3. During the hearing today, the appellants explained that at the time of contracting, the international price of tungsten ore, which is a scarce commodity, had been steadily and steeply increasing and for this reason the sellers were hesitant to commit themselves to supply the entire quantity over a period of six months or so at a fixed price.

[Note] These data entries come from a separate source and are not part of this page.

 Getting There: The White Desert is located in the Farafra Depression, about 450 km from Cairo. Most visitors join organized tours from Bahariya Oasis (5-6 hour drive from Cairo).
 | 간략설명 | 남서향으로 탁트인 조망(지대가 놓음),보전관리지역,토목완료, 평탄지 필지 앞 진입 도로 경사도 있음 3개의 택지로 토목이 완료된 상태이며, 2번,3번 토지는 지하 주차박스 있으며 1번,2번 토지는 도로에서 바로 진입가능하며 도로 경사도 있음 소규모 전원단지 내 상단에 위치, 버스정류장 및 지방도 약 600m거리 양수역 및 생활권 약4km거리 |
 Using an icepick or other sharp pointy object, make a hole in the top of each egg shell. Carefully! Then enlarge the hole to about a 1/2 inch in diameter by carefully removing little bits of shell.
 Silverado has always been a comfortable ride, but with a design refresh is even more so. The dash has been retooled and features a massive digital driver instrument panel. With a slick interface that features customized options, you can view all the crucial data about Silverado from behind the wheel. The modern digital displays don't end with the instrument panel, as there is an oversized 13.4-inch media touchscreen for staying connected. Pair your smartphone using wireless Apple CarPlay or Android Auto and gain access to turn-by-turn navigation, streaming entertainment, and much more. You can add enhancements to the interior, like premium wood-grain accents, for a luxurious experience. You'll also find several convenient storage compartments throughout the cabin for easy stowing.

Their suppliers agreed to supply 60 M.T. at a fixed price and the remaining quantity at the L.M.B. high quotation. The appellants stated that what they had done was nothing unusual but was in accordance with the international trade practice in this commodity. They had already substantiated this contention before the Appellate Collector by producing the "Metal Bulletin" for March, 1977 published by International Alloys Ltd., London. The appellants maintained that in view of the market conditions and the international trade practice, the Department was not justified in rejecting the lower contracted price of U.S. $ 129.50 for the smaller consignment of 60 M.T.4. The Department's representative reiterated the reasoning of the lower authorities that for the same goods contracted on the same date with the same supplier, there could not be two different assessable values. He added that it was a strange phenomenon in this case that a lower price had been charged for a smaller lot and a higher price for the bigger lot while, normally, it should have been the other way round.

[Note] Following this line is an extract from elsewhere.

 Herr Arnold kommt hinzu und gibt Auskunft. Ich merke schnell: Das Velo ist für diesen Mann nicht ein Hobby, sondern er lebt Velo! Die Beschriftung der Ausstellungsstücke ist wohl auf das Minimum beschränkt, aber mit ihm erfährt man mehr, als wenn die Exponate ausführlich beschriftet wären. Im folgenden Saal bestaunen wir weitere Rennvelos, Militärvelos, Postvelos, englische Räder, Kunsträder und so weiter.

5. We have carefully considered the matter. We find force in the appellants' argument that in a rising market the suppliers would not normally commit themselves to supply large quantities of a scarce commodity over a period of some months at a fixed price prevailing at the time of contracting. They have substantiated their case with the help of the "Metal Bulletin" that there was nothing unusual in the supply of some quantity at a fixed price and some quantity at the "formula" price. The Department has produced no evidence to show that the other Indian importers of tungsten ore who contracted for the goods at about the same time had paid any different price. There is also no evidence on record to indicate that the Department doubted the bona fides of the transaction. Nor is there any suggestion that the fixed price obtained by the appellants was not a price at arm's length. In the circumstances, we hold that the Department was not justified in escalating the contracted price of U.S. $ 129.50 for the smaller lot of 60 M.T. Accordingly, we allow both the appeals with consequential relief to the appellants.